Identifying Memory Bottlenecks

In Thunder, the PostStore maintains a large in-memory cache of recent posts. If you notice high memory usage, check the PostStore stats logger which is automatically started in serving mode:

Look for "PostStore stats" in the application logs.
Monitor the GET_IN_NETWORK_POSTS_EXCLUDED_SIZE metric to see if too many candidates are being filtered out early, which indicates inefficient retrieval.

Profiling Phoenix (JAX/Python)

The Phoenix ranking and retrieval models are built using JAX and Haiku. Performance issues here usually stem from XLA compilation or GPU/TPU utilization.

1. Using the JAX Profiler

To profile the RecsysModel during inference, use the jax.profiler API. This allows you to see the execution time of specific transformer layers.

import jax

# Start the profiler server
jax.profiler.start_server(port=9999)

# Alternatively, wrap a specific execution block
with jax.profiler.TraceAnnotation("inference_step"):
    output = model.apply(params, batch_embeddings)

2. Analyzing XLA Compilation

If the first request to the "For You" feed is extremely slow, it is likely due to XLA compilation.
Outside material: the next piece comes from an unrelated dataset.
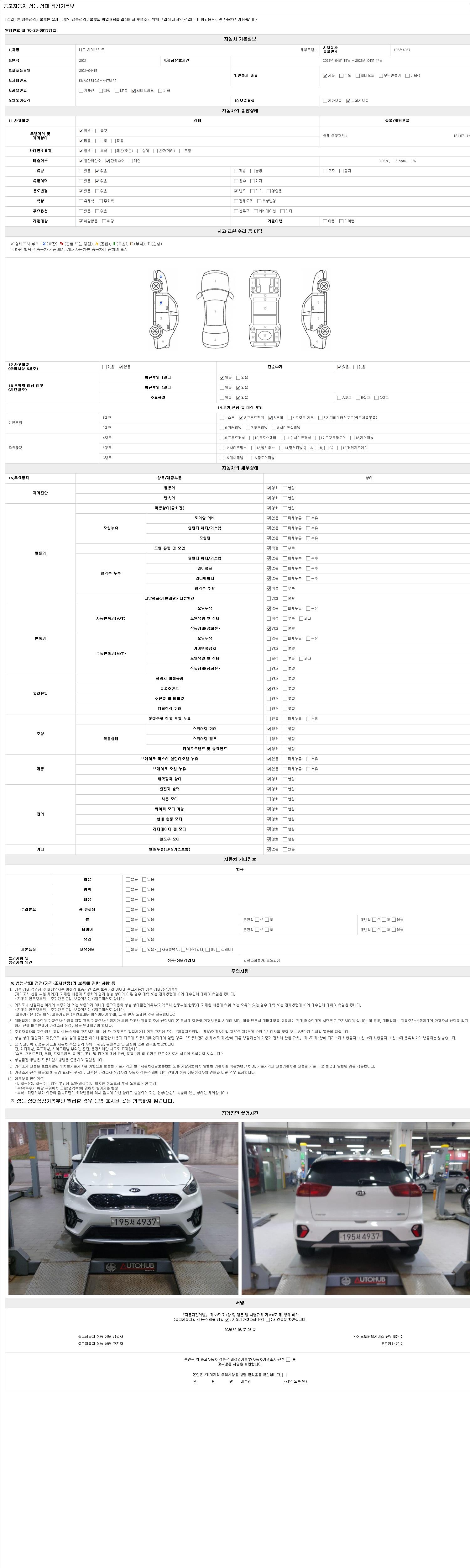 2. 차량 등록증이나 성능점검지 등을 상담자에게 요청및 확인하시고 사전에 미리 점검 하시기를 권유드립니다.

To debug this:

Set the environment variable XLA_FLAGS="--xla_dump_to=/tmp/xla_dump".
Run the model.
Analyze the generated HLO files to identify expensive operations or fusion failures in the transformer block.

Monitoring Real-time Metrics

Both Thunder and Home Mixer export high-level metrics that should be monitored during profiling to correlate performance spikes with specific system behaviors.

Adjusting Concurrency Limits

If you see a high number of REJECTED_REQUESTS despite low CPU usage, you may need to increase the --max-concurrent-requests argument in Thunder. This setting controls the semaphore that prevents service exhaustion during retrieval spikes.